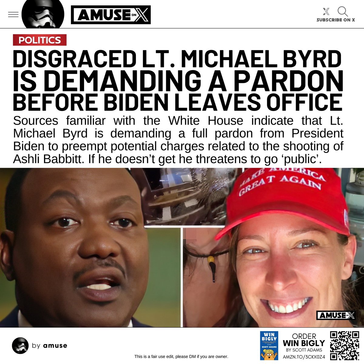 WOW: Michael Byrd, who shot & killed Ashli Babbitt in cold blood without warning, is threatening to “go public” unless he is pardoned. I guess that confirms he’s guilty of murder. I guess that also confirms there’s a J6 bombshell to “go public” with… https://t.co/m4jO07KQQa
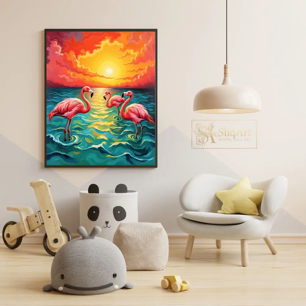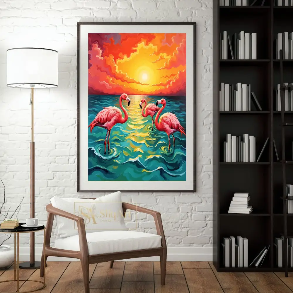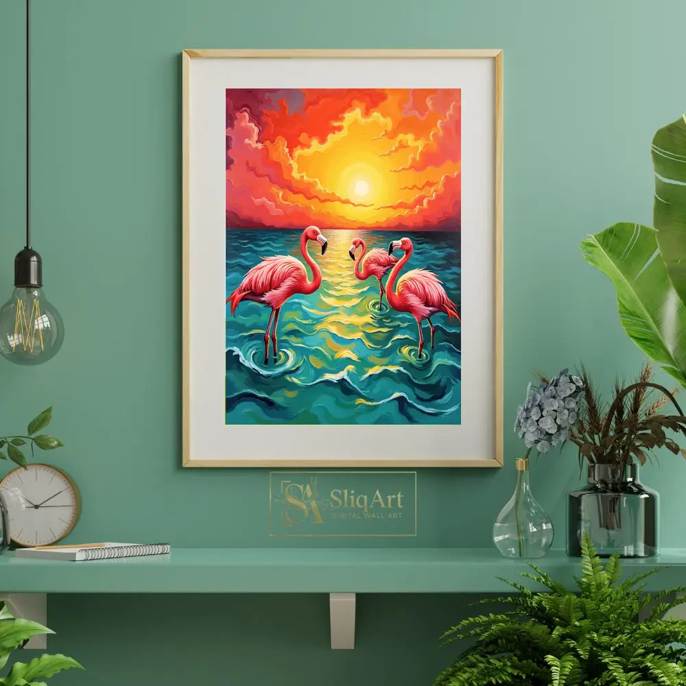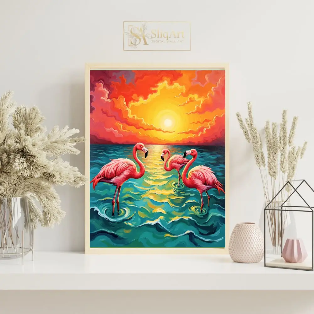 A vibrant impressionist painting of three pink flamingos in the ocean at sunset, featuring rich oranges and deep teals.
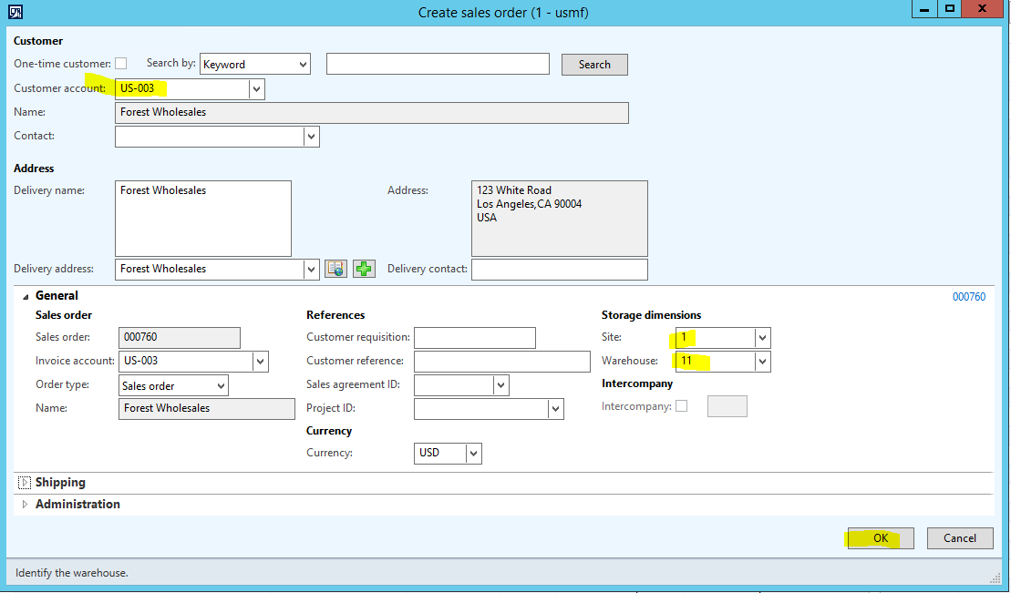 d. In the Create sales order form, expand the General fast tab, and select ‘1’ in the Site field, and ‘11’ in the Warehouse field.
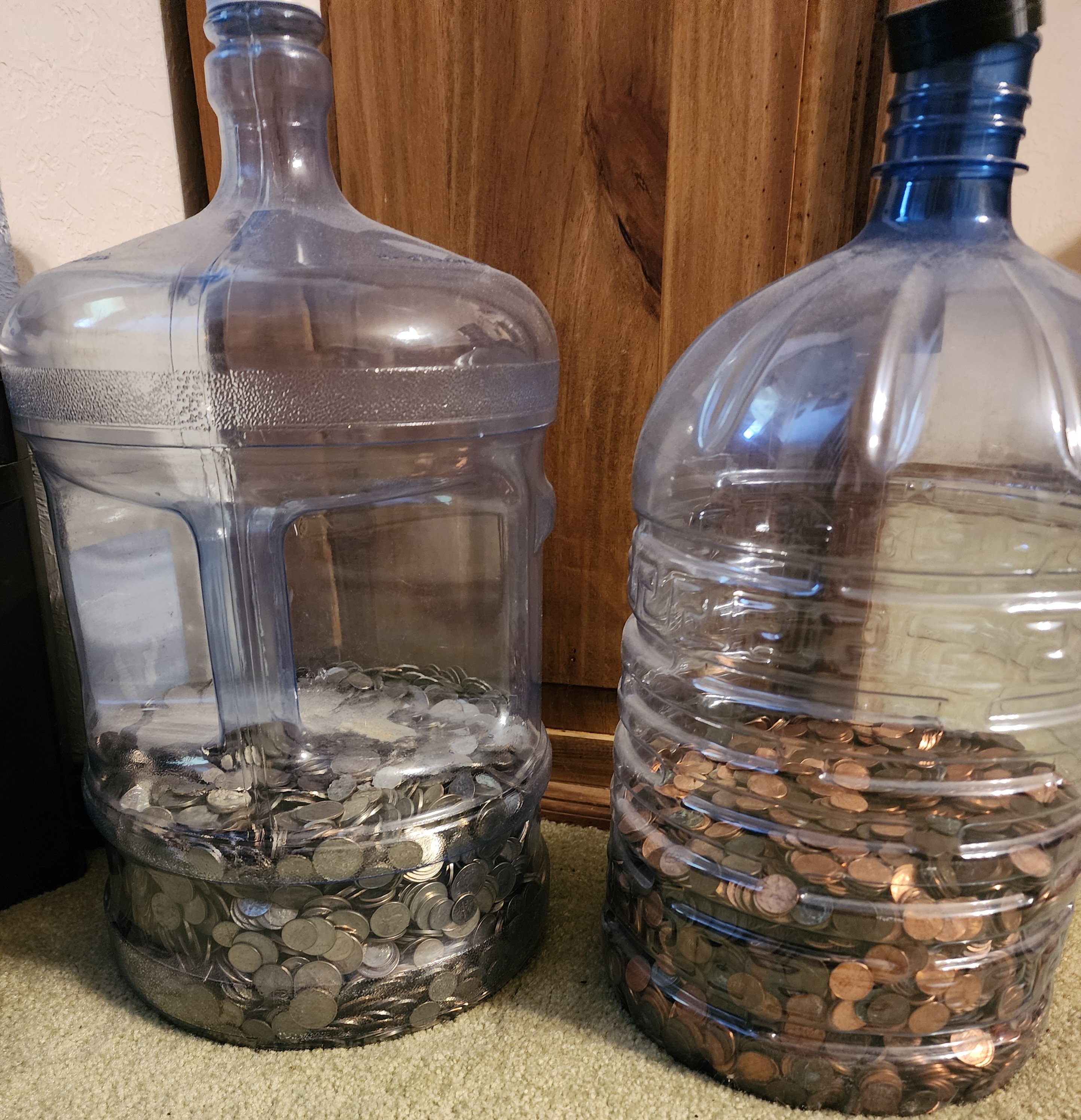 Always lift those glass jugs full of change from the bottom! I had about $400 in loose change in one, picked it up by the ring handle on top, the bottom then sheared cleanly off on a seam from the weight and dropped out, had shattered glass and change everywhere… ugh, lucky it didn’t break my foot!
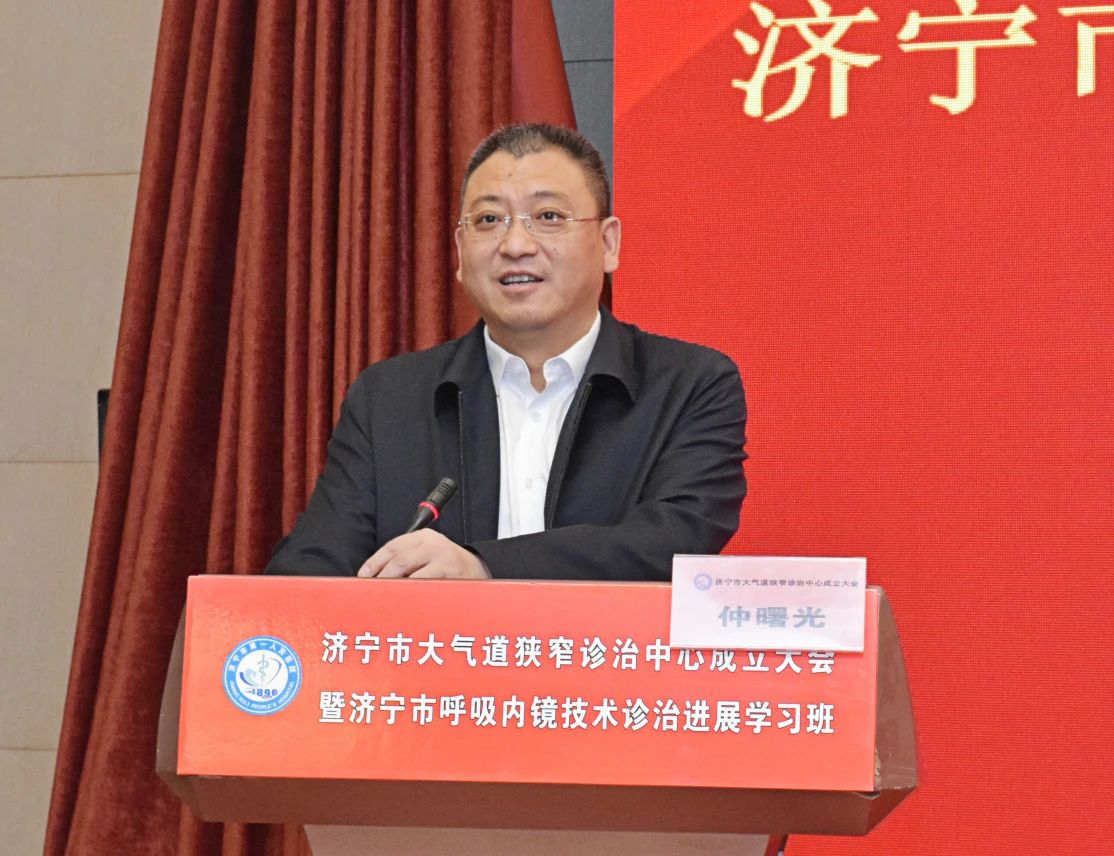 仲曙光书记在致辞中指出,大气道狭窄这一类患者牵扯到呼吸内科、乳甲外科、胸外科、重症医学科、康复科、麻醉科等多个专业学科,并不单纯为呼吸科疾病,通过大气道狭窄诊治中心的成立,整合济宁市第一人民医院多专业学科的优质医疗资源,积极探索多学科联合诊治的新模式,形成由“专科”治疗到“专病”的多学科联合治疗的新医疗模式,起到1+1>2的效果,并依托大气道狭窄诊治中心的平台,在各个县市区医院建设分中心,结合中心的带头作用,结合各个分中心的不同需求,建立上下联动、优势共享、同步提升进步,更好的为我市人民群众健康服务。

= = = =

→ DIRECTIONS FOR THIS TASK
Copy the entries character for character, excluding any pictures.

→ ANSWER SPACE
 WOW: Michael Byrd, who shot & killed Ashli Babbitt in cold blood without warning, is threatening to “go public” unless he is pardoned. I guess that confirms he’s guilty of murder. I guess that also confirms there’s a J6 bombshell to “go public” with… https://t.co/m4jO07KQQa
 A vibrant impressionist painting of three pink flamingos in the ocean at sunset, featuring rich oranges and deep teals.
 d. In the Create sales order form, expand the General fast tab, and select ‘1’ in the Site field, and ‘11’ in the Warehouse field.
 Always lift those glass jugs full of change from the bottom! I had about $400 in loose change in one, picked it up by the ring handle on top, the bottom then sheared cleanly off on a seam from the weight and dropped out, had shattered glass and change everywhere… ugh, lucky it didn’t break my foot!
 仲曙光书记在致辞中指出,大气道狭窄这一类患者牵扯到呼吸内科、乳甲外科、胸外科、重症医学科、康复科、麻醉科等多个专业学科,并不单纯为呼吸科疾病,通过大气道狭窄诊治中心的成立,整合济宁市第一人民医院多专业学科的优质医疗资源,积极探索多学科联合诊治的新模式,形成由“专科”治疗到“专病”的多学科联合治疗的新医疗模式,起到1+1>2的效果,并依托大气道狭窄诊治中心的平台,在各个县市区医院建设分中心,结合中心的带头作用,结合各个分中心的不同需求,建立上下联动、优势共享、同步提升进步,更好的为我市人民群众健康服务。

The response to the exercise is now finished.